**EXERCISE PROMPT:** Print every entry, word for word, and skip the images.
[[ DATA, beginning ]]
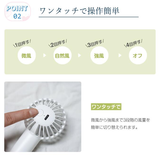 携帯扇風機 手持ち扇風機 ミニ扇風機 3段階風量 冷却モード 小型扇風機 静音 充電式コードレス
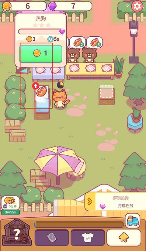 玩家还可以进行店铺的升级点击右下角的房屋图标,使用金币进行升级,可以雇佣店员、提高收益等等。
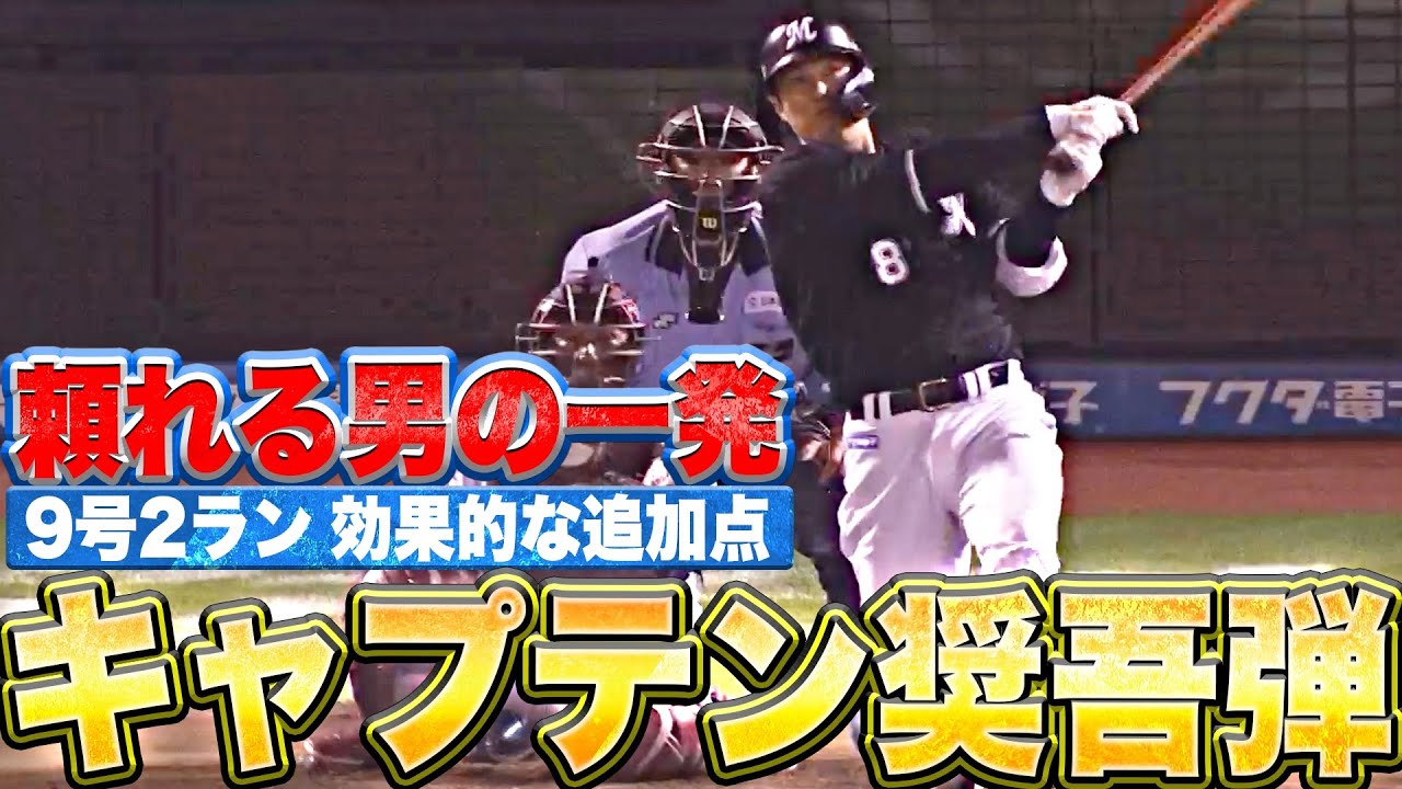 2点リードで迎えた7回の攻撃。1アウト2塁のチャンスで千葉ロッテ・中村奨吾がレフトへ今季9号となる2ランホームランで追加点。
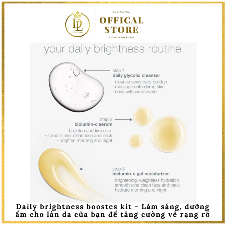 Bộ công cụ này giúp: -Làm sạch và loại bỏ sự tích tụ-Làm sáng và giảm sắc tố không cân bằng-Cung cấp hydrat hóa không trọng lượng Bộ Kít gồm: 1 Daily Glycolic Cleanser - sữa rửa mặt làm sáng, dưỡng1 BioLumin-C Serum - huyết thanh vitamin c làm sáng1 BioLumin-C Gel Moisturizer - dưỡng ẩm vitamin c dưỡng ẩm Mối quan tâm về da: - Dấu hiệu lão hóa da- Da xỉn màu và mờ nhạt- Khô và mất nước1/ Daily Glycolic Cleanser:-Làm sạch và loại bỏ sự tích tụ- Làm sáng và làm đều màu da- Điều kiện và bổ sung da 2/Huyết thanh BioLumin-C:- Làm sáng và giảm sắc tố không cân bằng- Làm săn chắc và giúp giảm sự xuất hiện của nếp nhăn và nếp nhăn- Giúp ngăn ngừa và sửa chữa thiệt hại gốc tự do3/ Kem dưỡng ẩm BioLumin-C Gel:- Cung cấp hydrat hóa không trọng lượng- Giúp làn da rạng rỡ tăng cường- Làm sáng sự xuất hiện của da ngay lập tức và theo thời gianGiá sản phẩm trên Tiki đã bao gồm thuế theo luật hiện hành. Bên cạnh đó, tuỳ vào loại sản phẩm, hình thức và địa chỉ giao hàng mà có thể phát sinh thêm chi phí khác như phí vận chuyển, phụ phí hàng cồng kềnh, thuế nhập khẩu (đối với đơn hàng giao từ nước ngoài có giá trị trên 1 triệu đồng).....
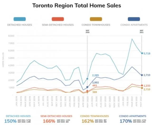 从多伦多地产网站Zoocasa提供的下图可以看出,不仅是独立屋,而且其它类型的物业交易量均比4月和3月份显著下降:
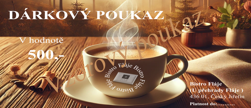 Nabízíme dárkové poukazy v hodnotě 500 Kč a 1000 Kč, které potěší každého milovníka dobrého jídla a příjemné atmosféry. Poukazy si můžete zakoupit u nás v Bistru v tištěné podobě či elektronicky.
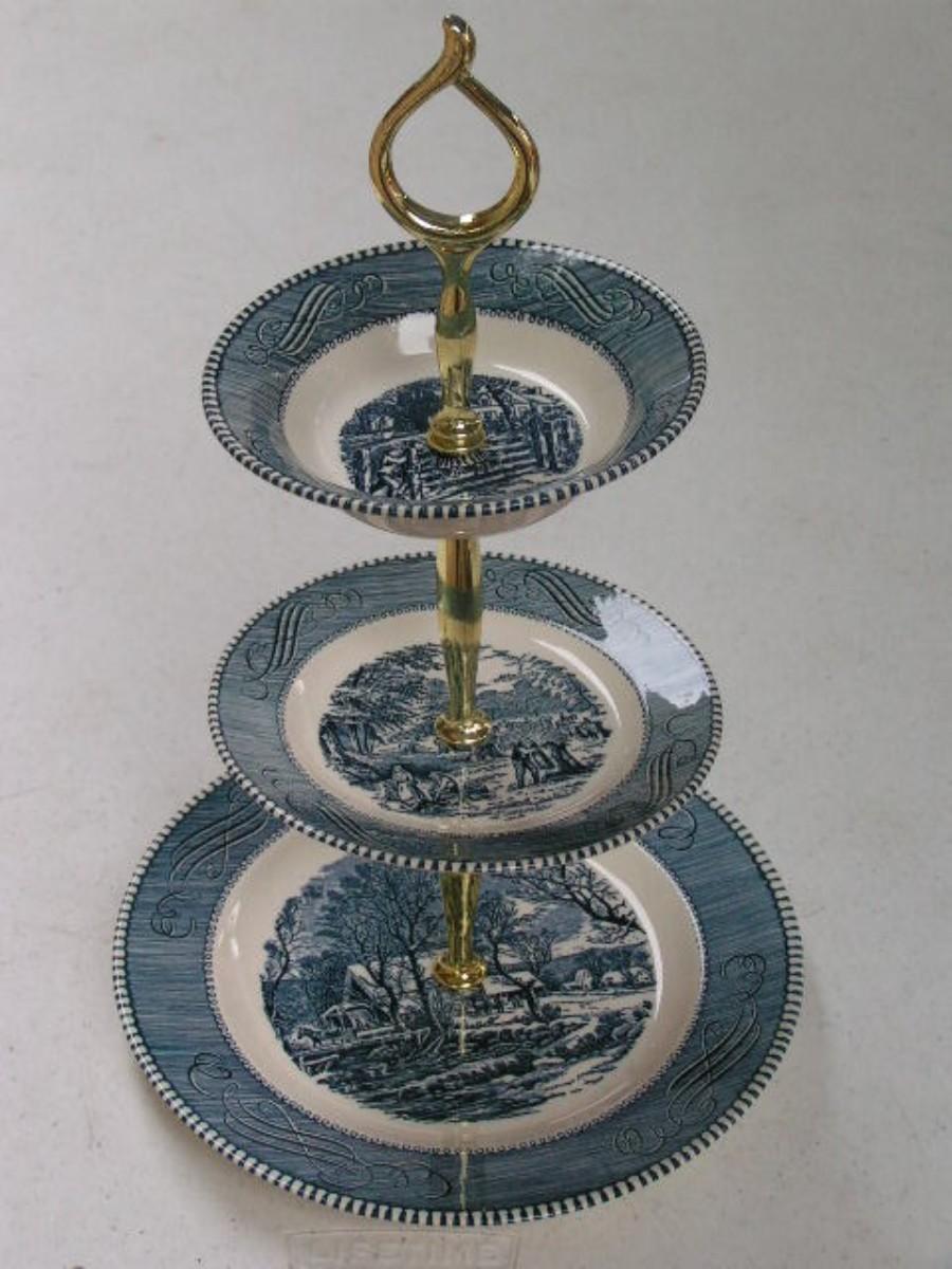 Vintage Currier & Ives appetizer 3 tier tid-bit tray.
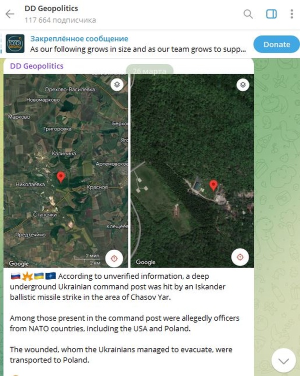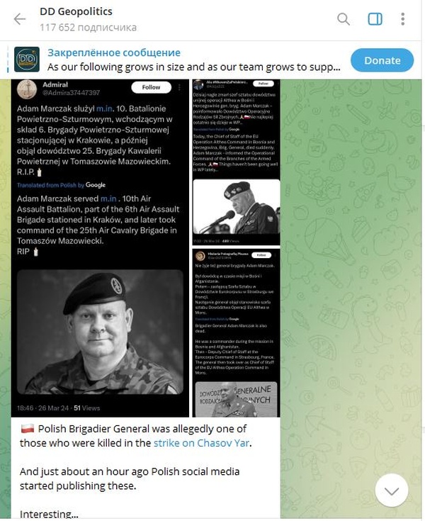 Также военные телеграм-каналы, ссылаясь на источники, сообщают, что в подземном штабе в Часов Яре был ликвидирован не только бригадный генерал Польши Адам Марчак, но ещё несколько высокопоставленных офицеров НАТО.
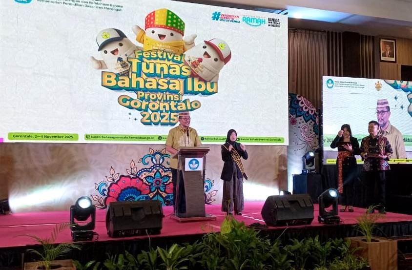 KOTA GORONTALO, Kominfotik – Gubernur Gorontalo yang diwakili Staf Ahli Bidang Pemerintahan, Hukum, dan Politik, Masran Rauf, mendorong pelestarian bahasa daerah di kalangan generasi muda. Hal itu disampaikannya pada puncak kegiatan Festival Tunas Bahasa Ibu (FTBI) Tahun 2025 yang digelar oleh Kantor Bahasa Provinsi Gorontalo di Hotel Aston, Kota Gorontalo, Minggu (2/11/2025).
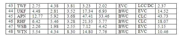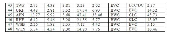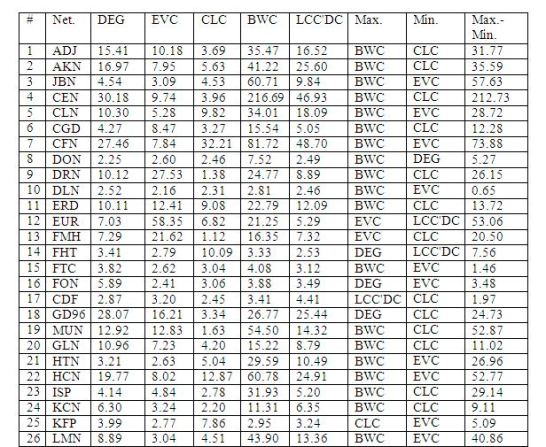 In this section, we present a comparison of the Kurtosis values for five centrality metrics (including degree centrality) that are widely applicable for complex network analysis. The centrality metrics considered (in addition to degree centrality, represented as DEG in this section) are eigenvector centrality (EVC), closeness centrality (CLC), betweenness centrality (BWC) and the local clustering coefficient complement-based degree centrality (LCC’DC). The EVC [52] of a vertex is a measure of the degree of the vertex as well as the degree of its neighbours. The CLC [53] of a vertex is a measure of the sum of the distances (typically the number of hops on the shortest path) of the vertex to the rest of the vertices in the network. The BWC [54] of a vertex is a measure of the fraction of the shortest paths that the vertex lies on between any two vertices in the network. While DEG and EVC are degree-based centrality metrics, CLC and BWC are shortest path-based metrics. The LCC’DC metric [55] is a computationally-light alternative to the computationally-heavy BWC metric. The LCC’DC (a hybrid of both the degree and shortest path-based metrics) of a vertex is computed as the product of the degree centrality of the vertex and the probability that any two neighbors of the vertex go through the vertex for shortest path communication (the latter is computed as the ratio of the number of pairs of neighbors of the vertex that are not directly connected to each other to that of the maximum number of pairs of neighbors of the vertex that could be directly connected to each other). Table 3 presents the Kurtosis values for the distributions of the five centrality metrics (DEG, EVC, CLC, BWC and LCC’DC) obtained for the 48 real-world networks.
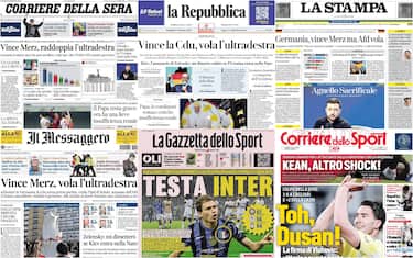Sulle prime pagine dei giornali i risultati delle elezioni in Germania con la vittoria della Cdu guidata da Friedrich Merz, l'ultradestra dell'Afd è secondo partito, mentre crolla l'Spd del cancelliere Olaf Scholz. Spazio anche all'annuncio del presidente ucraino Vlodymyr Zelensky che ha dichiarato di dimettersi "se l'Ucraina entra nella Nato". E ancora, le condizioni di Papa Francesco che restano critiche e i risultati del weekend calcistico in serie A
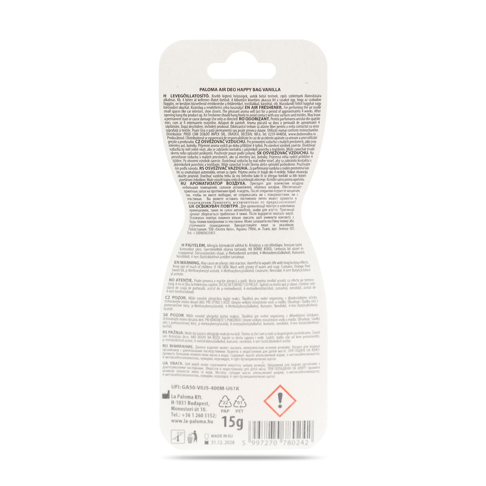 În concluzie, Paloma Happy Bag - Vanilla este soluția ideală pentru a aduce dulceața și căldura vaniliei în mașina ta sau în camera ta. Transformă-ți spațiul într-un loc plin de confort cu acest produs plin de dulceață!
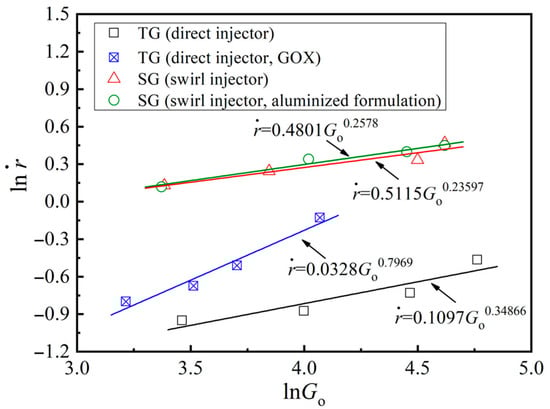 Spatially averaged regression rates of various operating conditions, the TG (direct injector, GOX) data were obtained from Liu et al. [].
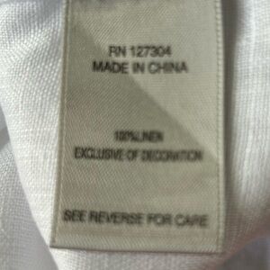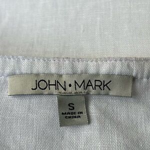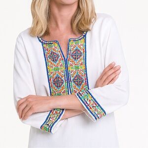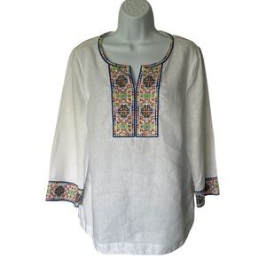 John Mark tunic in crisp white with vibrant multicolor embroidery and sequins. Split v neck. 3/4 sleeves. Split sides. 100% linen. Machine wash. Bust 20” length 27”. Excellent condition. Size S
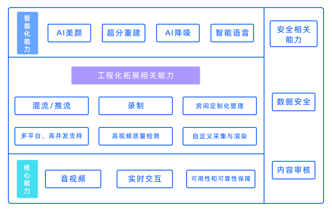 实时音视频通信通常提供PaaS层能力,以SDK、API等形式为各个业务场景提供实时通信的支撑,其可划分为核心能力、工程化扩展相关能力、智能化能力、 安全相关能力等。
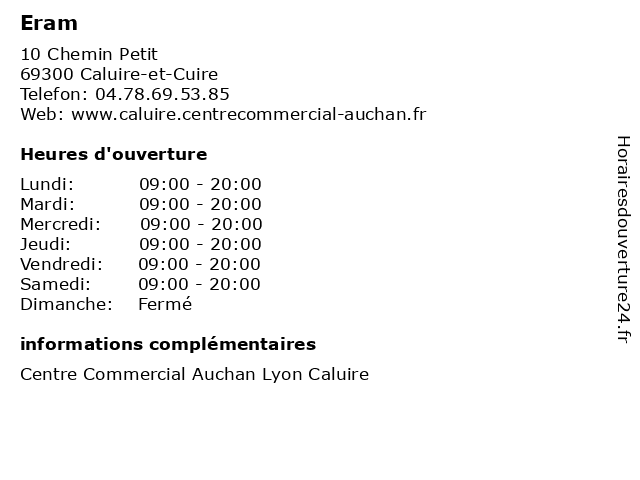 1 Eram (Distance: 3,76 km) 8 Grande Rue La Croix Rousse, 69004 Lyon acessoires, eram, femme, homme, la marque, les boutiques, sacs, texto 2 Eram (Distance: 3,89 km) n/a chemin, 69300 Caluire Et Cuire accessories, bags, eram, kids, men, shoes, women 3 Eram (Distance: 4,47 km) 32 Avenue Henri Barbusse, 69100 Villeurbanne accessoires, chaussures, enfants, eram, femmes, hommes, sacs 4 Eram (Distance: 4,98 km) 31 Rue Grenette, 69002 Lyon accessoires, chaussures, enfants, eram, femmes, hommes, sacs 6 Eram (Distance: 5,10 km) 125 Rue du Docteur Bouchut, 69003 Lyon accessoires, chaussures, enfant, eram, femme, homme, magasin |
[[ DATA, end ]]
**OUTPUT OF THE EXERCISE:**
 携帯扇風機 手持ち扇風機 ミニ扇風機 3段階風量 冷却モード 小型扇風機 静音 充電式コードレス
 玩家还可以进行店铺的升级点击右下角的房屋图标,使用金币进行升级,可以雇佣店员、提高收益等等。
 2点リードで迎えた7回の攻撃。1アウト2塁のチャンスで千葉ロッテ・中村奨吾がレフトへ今季9号となる2ランホームランで追加点。
 Bộ công cụ này giúp: -Làm sạch và loại bỏ sự tích tụ-Làm sáng và giảm sắc tố không cân bằng-Cung cấp hydrat hóa không trọng lượng Bộ Kít gồm: 1 Daily Glycolic Cleanser - sữa rửa mặt làm sáng, dưỡng1 BioLumin-C Serum - huyết thanh vitamin c làm sáng1 BioLumin-C Gel Moisturizer - dưỡng ẩm vitamin c dưỡng ẩm Mối quan tâm về da: - Dấu hiệu lão hóa da- Da xỉn màu và mờ nhạt- Khô và mất nước1/ Daily Glycolic Cleanser:-Làm sạch và loại bỏ sự tích tụ- Làm sáng và làm đều màu da- Điều kiện và bổ sung da 2/Huyết thanh BioLumin-C:- Làm sáng và giảm sắc tố không cân bằng- Làm săn chắc và giúp giảm sự xuất hiện của nếp nhăn và nếp nhăn- Giúp ngăn ngừa và sửa chữa thiệt hại gốc tự do3/ Kem dưỡng ẩm BioLumin-C Gel:- Cung cấp hydrat hóa không trọng lượng- Giúp làn da rạng rỡ tăng cường- Làm sáng sự xuất hiện của da ngay lập tức và theo thời gianGiá sản phẩm trên Tiki đã bao gồm thuế theo luật hiện hành. Bên cạnh đó, tuỳ vào loại sản phẩm, hình thức và địa chỉ giao hàng mà có thể phát sinh thêm chi phí khác như phí vận chuyển, phụ phí hàng cồng kềnh, thuế nhập khẩu (đối với đơn hàng giao từ nước ngoài có giá trị trên 1 triệu đồng).....
 从多伦多地产网站Zoocasa提供的下图可以看出,不仅是独立屋,而且其它类型的物业交易量均比4月和3月份显著下降:
 Nabízíme dárkové poukazy v hodnotě 500 Kč a 1000 Kč, které potěší každého milovníka dobrého jídla a příjemné atmosféry. Poukazy si můžete zakoupit u nás v Bistru v tištěné podobě či elektronicky.
 Vintage Currier & Ives appetizer 3 tier tid-bit tray.
 Также военные телеграм-каналы, ссылаясь на источники, сообщают, что в подземном штабе в Часов Яре был ликвидирован не только бригадный генерал Польши Адам Марчак, но ещё несколько высокопоставленных офицеров НАТО.
 KOTA GORONTALO, Kominfotik – Gubernur Gorontalo yang diwakili Staf Ahli Bidang Pemerintahan, Hukum, dan Politik, Masran Rauf, mendorong pelestarian bahasa daerah di kalangan generasi muda. Hal itu disampaikannya pada puncak kegiatan Festival Tunas Bahasa Ibu (FTBI) Tahun 2025 yang digelar oleh Kantor Bahasa Provinsi Gorontalo di Hotel Aston, Kota Gorontalo, Minggu (2/11/2025).
 In this section, we present a comparison of the Kurtosis values for five centrality metrics (including degree centrality) that are widely applicable for complex network analysis. The centrality metrics considered (in addition to degree centrality, represented as DEG in this section) are eigenvector centrality (EVC), closeness centrality (CLC), betweenness centrality (BWC) and the local clustering coefficient complement-based degree centrality (LCC’DC). The EVC [52] of a vertex is a measure of the degree of the vertex as well as the degree of its neighbours. The CLC [53] of a vertex is a measure of the sum of the distances (typically the number of hops on the shortest path) of the vertex to the rest of the vertices in the network. The BWC [54] of a vertex is a measure of the fraction of the shortest paths that the vertex lies on between any two vertices in the network. While DEG and EVC are degree-based centrality metrics, CLC and BWC are shortest path-based metrics. The LCC’DC metric [55] is a computationally-light alternative to the computationally-heavy BWC metric. The LCC’DC (a hybrid of both the degree and shortest path-based metrics) of a vertex is computed as the product of the degree centrality of the vertex and the probability that any two neighbors of the vertex go through the vertex for shortest path communication (the latter is computed as the ratio of the number of pairs of neighbors of the vertex that are not directly connected to each other to that of the maximum number of pairs of neighbors of the vertex that could be directly connected to each other). Table 3 presents the Kurtosis values for the distributions of the five centrality metrics (DEG, EVC, CLC, BWC and LCC’DC) obtained for the 48 real-world networks.
Sulle prime pagine dei giornali i risultati delle elezioni in Germania con la vittoria della Cdu guidata da Friedrich Merz, l'ultradestra dell'Afd è secondo partito, mentre crolla l'Spd del cancelliere Olaf Scholz. Spazio anche all'annuncio del presidente ucraino Vlodymyr Zelensky che ha dichiarato di dimettersi "se l'Ucraina entra nella Nato". E ancora, le condizioni di Papa Francesco che restano critiche e i risultati del weekend calcistico in serie A
 În concluzie, Paloma Happy Bag - Vanilla este soluția ideală pentru a aduce dulceața și căldura vaniliei în mașina ta sau în camera ta. Transformă-ți spațiul într-un loc plin de confort cu acest produs plin de dulceață!
 Spatially averaged regression rates of various operating conditions, the TG (direct injector, GOX) data were obtained from Liu et al. [].
 John Mark tunic in crisp white with vibrant multicolor embroidery and sequins. Split v neck. 3/4 sleeves. Split sides. 100% linen. Machine wash. Bust 20” length 27”. Excellent condition. Size S
 实时音视频通信通常提供PaaS层能力,以SDK、API等形式为各个业务场景提供实时通信的支撑,其可划分为核心能力、工程化扩展相关能力、智能化能力、 安全相关能力等。
 1 Eram (Distance: 3,76 km) 8 Grande Rue La Croix Rousse, 69004 Lyon acessoires, eram, femme, homme, la marque, les boutiques, sacs, texto 2 Eram (Distance: 3,89 km) n/a chemin, 69300 Caluire Et Cuire accessories, bags, eram, kids, men, shoes, women 3 Eram (Distance: 4,47 km) 32 Avenue Henri Barbusse, 69100 Villeurbanne accessoires, chaussures, enfants, eram, femmes, hommes, sacs 4 Eram (Distance: 4,98 km) 31 Rue Grenette, 69002 Lyon accessoires, chaussures, enfants, eram, femmes, hommes, sacs 6 Eram (Distance: 5,10 km) 125 Rue du Docteur Bouchut, 69003 Lyon accessoires, chaussures, enfant, eram, femme, homme, magasin |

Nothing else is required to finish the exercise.